Конечно. На работу - я уже опоздал. Как я ее ненавижу. Но надо же мне
было показать...
На углу в белом тумане - кровь - разрез острым ножом - губы.
- Я, кажется, задержала вас. Впрочем, все равно. Теперь вам поздно
уже.
Как я ее - == впрочем, да: поздно уж.
Я молча смотрел на губы. Все женщины - губы, одни губы. Чьи-то
розовые, упруго-круглые: кольцо, нежная ограда от всего мира. И эти: секунду
назад их не было, и только вот сейчас - ножом, - и еще каплет сладкая
кровь.
Ближе - прислонилась ко мне плечом - и мы одно, из нее переливается в
меня - и я знаю, так нужно. Знаю каждым нервом, каждым волосом, каждым до
боли сладким ударом сердца. И такая радость покориться этому "нужно".
Вероятно, куску железа так же радостно покориться неизбежному, точному
закону - и впиться в магнит. Камню, брошенному вверх, секунду поколебаться
- и потом стремглав вниз, наземь. И человеку, после агонии, наконец
вздохнуть последний раз - и умереть.
Помню: я улыбнулся растерянно и ни к чему сказал:
- Туман... Очень.
- Ты любишь туман?
Это древнее, давно забытое "ты", "ты" властелина к рабу - вошло в меня
остро, медленно: да, я раб, и это - тоже нужно, тоже хорошо.
- Да, хорошо... - вслух сказал я себе. И потом ей: - О ненавижу
туман. Я боюсь тумана.
- Значит - любишь. Боишься - потому, что это сильнее тебя,
ненавидишь - потому что боишься, любишь - потому что не можешь покорить
это себе. Ведь только и можно любить непокорное.
Да, это так. И именно потому - именно потому я...
Мы шли двое - одно. Где-то далеко сквозь туман чуть слышно пело
солнце, все наливалось упругим, жемчужным, золотым, розовым, красным. Весь
мир - единая необъятная женщина, и мы - в самом ее чреве, мы еще не
родились, мы радостно зреем. И мне ясно, нерушимо ясно: все - для меня,
солнце, туман, розовое, золотое - для меня...
Я не спрашивал, куда мы шли. Все равно: только бы идти, идти, зреть,
наливаться все упруже - -
- Ну вот... - I остановилась у дверей. - Здесь сегодня дежурит как
раз один... Я о нем говорила тогда, в Древнем Доме.
Я издали, одними глазами, осторожно сберегая зреющее - прочел вывеску:
"Медицинское Бюро". Все понял.
Стеклянная, полная золотого тумана, комната. Стеклянные потолки с
цветными бутылками, банками. Провода.
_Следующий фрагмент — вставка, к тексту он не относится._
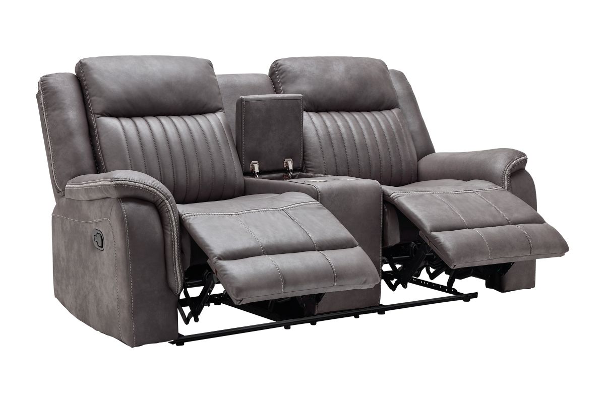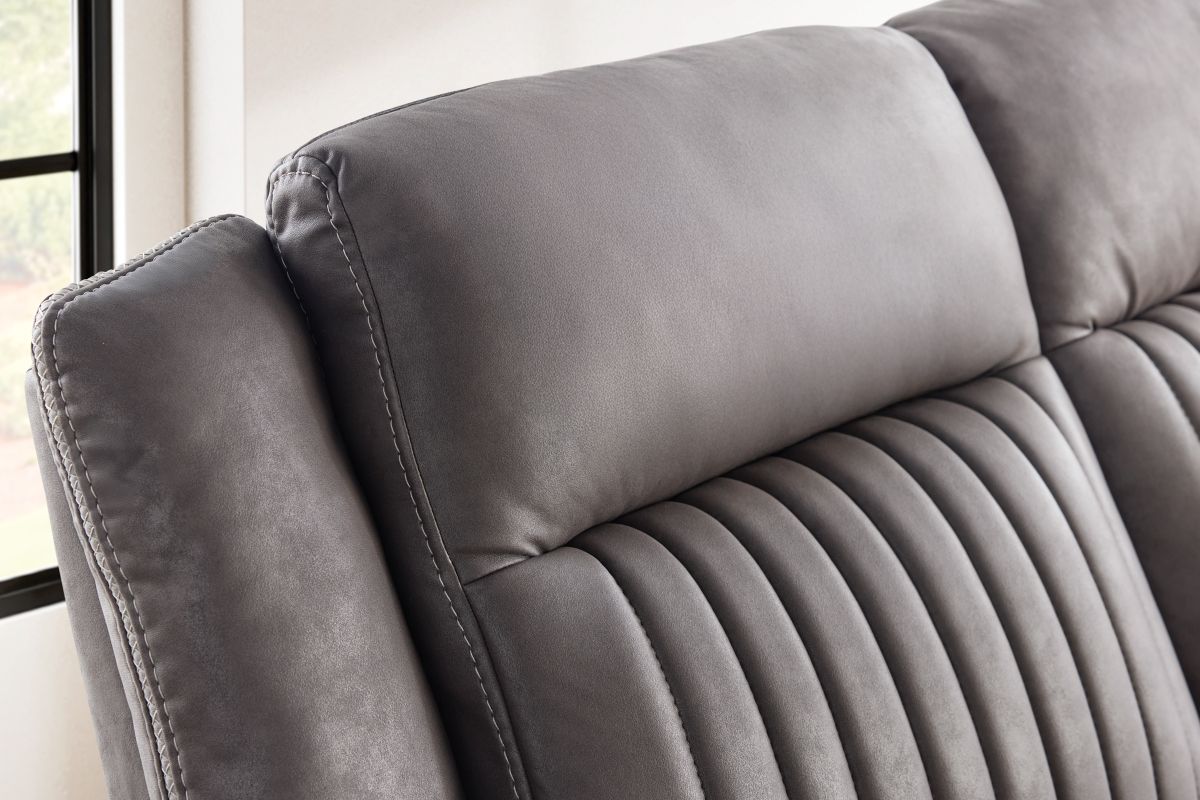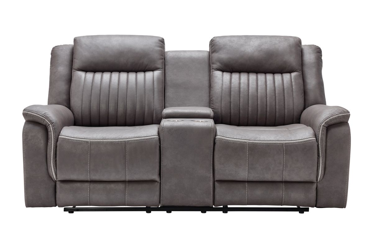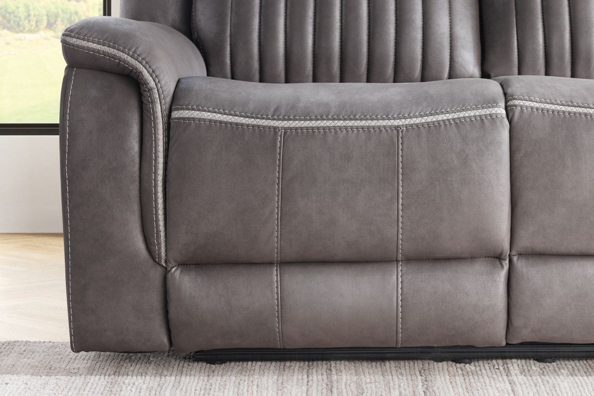Upgrade your relaxation experience with the Tyson living room collection, designed for both style and ultimate comfort. Upholstered in sleek gray faux leather, this set includes a reclining sofa, console loveseat, and recliner, offering plush seating with a contemporary edge. Featuring effortless reclining at the pull of the lever, this set provides customized comfort with high-density cushions and supportive backrests for all-day relaxation. The loveseat includes a convenient storage console with built-in cup holders, keeping essentials within reach. Whether you're hosting guests or unwinding after a long day, the Tyson reclining set brings modern luxury and everyday functionality to your home.

Синеватые искры в трубках.
И человечек - тончайший. Он весь как будто вырезан из бумаги, и как бы
он ни повернулся - все равно у него только профиль, остро отточенный:
сверкающее лезвие - нос, ножницы - губы.
Я не слышал, что ему говорила I: я смотрел, как она говорила, - и
чувствовал: улыбаюсь неудержимо, блаженно. Сверкнули лезвием ножницы-губы, и
врач сказал:
- Так, так. Понимаю. Самая опасная болезнь - опаснее я ничего не
знаю... - засмеялся, тончайшей бумажной рукой быстро написал что-то, отдал
листок 1; написал - отдал мне.
Это были удостоверения, что мы - больны, что мы не можем явиться на
работу. Я крал свою работу у Единого Государства, я - вор, я - под Машиной
Благодетеля. Но это мне - далеко, равнодушно, как в книге... Я взял листок,
не колеблясь ни секунды; я - мои глаза, губы, руки - я знал: так нужно.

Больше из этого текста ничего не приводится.